--- Task item ---
Repeat precisely the span of lines below that opens with the line containing "Randa Mirza’s photographs" and closes with the line containing "附件:广东省工业固体废物资源综合利用评价机构推荐名单(第一批)", both included.
···
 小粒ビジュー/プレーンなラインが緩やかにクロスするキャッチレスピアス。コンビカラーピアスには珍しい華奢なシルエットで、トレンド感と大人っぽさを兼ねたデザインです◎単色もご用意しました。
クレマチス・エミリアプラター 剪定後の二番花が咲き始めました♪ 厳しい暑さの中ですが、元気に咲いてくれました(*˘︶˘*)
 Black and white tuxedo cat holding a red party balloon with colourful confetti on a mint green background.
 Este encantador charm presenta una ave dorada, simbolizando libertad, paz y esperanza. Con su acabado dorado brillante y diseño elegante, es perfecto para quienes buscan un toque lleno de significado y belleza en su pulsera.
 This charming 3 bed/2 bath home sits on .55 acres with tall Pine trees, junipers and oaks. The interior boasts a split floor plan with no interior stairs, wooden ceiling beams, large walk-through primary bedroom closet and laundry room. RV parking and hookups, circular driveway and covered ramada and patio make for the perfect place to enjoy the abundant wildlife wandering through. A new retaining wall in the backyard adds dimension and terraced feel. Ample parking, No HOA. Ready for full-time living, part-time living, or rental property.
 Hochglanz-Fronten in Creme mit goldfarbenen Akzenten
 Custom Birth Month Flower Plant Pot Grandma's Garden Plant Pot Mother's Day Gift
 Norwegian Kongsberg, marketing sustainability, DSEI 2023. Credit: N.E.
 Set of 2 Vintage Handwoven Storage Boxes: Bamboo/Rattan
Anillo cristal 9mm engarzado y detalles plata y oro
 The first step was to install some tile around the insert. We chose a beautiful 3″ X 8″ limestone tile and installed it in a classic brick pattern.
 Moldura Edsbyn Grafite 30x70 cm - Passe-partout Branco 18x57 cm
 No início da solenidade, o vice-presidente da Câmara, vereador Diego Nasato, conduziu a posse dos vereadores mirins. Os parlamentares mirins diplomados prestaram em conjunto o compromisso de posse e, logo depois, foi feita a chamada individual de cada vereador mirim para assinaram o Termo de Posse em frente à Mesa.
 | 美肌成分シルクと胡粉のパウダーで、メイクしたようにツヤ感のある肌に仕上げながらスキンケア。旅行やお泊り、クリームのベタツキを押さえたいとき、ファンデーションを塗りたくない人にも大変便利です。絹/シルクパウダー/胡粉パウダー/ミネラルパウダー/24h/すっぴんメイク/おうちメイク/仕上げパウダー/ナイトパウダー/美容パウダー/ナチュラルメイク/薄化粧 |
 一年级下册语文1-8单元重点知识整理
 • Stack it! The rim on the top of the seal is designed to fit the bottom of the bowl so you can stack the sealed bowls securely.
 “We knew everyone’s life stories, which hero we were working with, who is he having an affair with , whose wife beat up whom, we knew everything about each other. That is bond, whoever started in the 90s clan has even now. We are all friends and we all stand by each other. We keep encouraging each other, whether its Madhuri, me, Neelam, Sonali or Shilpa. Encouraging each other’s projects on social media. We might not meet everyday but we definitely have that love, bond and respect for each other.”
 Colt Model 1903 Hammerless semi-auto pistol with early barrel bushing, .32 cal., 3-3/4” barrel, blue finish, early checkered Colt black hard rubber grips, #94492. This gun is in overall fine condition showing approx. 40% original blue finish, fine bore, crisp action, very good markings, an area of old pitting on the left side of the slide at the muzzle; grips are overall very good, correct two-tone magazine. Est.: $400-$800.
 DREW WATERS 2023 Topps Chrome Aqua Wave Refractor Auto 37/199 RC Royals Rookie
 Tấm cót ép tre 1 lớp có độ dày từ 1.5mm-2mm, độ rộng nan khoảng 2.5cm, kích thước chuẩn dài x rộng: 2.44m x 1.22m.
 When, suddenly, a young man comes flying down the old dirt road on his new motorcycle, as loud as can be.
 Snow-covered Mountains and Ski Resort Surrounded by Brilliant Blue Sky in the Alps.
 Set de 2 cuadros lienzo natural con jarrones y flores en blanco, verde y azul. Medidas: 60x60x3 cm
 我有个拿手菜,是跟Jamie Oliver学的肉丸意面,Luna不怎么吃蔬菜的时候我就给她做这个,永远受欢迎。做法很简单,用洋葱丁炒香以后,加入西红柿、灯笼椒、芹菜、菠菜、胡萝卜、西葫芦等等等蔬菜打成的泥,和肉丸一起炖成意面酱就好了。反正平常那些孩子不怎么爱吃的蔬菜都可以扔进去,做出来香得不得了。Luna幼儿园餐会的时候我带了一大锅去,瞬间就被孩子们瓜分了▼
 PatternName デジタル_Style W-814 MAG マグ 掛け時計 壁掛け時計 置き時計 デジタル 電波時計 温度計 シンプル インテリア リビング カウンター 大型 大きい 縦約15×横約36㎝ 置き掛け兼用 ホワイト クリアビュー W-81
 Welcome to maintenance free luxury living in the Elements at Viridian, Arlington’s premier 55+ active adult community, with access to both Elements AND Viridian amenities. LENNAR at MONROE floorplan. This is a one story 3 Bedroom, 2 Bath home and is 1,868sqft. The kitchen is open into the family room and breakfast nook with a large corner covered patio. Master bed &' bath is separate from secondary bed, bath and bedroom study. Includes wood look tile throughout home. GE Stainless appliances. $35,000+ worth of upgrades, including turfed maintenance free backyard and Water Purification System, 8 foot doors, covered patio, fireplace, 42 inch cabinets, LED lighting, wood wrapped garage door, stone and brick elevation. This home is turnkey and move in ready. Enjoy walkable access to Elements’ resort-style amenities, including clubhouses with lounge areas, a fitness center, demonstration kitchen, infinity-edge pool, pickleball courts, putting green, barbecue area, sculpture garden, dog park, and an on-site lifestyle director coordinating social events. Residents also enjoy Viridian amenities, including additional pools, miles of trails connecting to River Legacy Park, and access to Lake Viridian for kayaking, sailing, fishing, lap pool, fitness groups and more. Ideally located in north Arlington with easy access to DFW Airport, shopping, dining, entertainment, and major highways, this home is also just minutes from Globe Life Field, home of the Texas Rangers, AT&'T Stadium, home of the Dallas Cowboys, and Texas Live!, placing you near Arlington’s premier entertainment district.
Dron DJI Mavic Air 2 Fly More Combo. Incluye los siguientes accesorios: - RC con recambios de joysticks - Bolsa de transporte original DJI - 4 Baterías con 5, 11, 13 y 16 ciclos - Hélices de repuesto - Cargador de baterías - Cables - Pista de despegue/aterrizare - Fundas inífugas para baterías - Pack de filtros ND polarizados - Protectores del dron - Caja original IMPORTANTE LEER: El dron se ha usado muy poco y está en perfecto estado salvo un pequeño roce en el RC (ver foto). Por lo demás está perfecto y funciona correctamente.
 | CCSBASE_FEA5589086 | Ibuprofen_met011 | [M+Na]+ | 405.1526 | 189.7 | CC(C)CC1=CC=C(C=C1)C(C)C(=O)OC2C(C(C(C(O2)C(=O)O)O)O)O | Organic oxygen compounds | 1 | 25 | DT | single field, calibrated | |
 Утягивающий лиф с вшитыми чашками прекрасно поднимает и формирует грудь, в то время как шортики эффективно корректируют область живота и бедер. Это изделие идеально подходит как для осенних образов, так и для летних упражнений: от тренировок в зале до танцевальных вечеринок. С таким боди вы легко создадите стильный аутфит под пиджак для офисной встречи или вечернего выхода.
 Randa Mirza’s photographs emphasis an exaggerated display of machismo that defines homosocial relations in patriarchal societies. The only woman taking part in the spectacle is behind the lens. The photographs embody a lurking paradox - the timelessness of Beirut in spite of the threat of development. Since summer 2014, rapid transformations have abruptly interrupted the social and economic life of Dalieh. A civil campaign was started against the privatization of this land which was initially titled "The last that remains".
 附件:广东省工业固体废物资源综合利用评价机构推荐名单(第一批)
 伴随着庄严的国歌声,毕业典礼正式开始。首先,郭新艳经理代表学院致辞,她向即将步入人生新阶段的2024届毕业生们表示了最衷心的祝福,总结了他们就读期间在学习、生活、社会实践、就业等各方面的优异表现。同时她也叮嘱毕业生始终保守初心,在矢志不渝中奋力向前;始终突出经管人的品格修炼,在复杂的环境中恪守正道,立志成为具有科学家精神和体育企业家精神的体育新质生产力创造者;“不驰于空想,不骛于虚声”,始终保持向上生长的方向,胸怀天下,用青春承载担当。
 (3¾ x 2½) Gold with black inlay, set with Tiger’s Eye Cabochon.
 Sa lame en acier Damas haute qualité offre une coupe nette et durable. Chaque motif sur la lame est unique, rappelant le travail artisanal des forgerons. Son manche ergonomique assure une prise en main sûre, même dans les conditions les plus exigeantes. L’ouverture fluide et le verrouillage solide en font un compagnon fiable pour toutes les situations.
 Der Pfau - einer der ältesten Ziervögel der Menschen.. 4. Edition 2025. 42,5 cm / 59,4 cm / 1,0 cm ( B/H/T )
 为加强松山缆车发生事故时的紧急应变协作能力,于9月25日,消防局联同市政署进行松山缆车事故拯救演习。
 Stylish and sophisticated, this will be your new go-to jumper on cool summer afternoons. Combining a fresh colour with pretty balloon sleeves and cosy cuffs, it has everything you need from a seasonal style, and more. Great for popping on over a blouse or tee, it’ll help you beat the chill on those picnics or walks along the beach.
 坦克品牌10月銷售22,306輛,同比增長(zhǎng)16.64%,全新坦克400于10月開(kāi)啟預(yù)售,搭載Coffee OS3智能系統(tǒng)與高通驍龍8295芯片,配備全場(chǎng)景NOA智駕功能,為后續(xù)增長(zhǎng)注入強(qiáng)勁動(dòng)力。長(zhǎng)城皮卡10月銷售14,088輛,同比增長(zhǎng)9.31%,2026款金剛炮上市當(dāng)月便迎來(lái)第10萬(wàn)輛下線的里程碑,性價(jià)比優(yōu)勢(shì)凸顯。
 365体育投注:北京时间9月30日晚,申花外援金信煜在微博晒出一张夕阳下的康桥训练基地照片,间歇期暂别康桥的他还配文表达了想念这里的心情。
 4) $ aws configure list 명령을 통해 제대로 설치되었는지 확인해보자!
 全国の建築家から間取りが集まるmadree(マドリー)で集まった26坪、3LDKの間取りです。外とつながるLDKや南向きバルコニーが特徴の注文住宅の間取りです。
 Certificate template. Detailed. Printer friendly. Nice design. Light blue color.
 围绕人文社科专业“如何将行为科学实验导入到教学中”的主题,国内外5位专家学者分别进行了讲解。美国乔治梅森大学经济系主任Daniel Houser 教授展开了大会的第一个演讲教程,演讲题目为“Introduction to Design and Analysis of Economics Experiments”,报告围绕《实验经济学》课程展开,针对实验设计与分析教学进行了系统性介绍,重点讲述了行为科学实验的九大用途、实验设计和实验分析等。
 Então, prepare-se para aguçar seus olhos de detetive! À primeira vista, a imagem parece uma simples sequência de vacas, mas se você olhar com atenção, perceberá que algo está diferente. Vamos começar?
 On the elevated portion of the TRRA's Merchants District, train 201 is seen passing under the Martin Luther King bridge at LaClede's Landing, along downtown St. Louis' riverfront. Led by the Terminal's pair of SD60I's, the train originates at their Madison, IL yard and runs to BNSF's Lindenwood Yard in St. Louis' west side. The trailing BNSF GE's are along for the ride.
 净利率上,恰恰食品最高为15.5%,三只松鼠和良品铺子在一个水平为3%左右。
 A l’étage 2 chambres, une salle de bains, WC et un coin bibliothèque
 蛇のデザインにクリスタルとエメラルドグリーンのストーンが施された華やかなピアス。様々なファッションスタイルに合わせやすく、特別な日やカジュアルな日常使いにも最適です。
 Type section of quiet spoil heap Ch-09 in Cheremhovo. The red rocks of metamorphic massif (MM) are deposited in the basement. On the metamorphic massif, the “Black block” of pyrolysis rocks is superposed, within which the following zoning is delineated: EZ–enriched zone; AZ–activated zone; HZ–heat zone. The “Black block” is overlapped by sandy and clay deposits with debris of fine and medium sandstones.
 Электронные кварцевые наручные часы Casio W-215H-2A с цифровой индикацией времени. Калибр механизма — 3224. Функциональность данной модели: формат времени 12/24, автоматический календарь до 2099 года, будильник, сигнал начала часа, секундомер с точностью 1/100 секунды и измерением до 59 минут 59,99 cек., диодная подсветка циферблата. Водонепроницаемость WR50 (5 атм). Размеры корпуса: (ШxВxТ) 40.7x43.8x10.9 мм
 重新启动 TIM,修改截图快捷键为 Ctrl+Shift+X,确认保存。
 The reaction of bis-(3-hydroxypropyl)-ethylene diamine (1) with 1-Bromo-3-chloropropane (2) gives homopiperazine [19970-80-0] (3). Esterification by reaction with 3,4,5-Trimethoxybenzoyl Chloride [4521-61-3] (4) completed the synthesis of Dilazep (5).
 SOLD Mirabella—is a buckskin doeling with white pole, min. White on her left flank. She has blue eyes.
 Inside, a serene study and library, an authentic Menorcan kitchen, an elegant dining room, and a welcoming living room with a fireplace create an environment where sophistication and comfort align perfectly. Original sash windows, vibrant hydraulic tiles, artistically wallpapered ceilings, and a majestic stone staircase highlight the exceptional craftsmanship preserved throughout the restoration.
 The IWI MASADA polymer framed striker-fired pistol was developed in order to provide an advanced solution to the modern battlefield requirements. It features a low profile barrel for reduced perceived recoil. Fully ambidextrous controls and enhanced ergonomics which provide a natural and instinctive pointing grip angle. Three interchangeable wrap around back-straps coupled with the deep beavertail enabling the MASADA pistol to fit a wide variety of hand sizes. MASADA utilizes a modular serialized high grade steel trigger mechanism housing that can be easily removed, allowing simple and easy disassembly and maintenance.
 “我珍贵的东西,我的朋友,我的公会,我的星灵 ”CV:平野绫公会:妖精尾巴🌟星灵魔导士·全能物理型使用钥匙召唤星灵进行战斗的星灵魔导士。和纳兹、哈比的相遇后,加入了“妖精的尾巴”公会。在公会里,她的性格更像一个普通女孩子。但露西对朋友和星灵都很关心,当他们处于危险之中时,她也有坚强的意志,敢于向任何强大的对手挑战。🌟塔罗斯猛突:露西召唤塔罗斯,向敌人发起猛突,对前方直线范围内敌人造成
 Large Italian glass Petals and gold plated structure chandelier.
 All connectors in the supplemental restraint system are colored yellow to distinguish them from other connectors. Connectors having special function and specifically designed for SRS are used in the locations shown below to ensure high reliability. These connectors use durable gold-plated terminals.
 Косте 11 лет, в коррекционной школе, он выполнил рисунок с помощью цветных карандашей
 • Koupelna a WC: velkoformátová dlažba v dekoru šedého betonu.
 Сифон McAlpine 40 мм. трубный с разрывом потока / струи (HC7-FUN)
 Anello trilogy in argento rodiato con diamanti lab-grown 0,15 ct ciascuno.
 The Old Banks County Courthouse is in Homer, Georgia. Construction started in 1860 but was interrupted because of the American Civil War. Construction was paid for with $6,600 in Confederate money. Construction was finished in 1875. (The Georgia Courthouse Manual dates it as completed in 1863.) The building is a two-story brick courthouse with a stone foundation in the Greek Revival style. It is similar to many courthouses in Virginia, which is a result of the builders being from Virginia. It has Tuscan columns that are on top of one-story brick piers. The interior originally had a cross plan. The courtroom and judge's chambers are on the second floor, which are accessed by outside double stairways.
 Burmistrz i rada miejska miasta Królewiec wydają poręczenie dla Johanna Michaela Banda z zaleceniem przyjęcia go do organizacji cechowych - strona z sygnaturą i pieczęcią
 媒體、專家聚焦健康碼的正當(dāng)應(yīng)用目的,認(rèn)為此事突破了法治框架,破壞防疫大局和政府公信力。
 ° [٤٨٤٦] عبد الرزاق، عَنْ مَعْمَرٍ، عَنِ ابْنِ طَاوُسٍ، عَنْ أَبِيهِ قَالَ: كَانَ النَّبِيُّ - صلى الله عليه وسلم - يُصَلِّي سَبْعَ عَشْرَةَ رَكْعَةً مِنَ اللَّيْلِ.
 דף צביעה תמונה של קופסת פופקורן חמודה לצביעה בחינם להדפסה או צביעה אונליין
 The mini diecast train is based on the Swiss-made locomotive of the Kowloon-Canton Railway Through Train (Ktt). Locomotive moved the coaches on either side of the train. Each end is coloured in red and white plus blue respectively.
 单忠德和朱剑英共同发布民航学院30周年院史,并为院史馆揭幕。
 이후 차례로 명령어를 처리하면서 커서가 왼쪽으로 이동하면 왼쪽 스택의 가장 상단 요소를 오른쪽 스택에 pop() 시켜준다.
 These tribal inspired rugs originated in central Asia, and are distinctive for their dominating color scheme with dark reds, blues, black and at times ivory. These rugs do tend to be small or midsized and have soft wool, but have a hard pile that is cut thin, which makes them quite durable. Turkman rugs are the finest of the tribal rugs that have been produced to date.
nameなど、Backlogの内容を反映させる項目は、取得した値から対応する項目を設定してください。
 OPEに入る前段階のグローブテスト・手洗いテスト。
···
--- Problem solution ---
 Randa Mirza’s photographs emphasis an exaggerated display of machismo that defines homosocial relations in patriarchal societies. The only woman taking part in the spectacle is behind the lens. The photographs embody a lurking paradox - the timelessness of Beirut in spite of the threat of development. Since summer 2014, rapid transformations have abruptly interrupted the social and economic life of Dalieh. A civil campaign was started against the privatization of this land which was initially titled "The last that remains".
 附件:广东省工业固体废物资源综合利用评价机构推荐名单(第一批)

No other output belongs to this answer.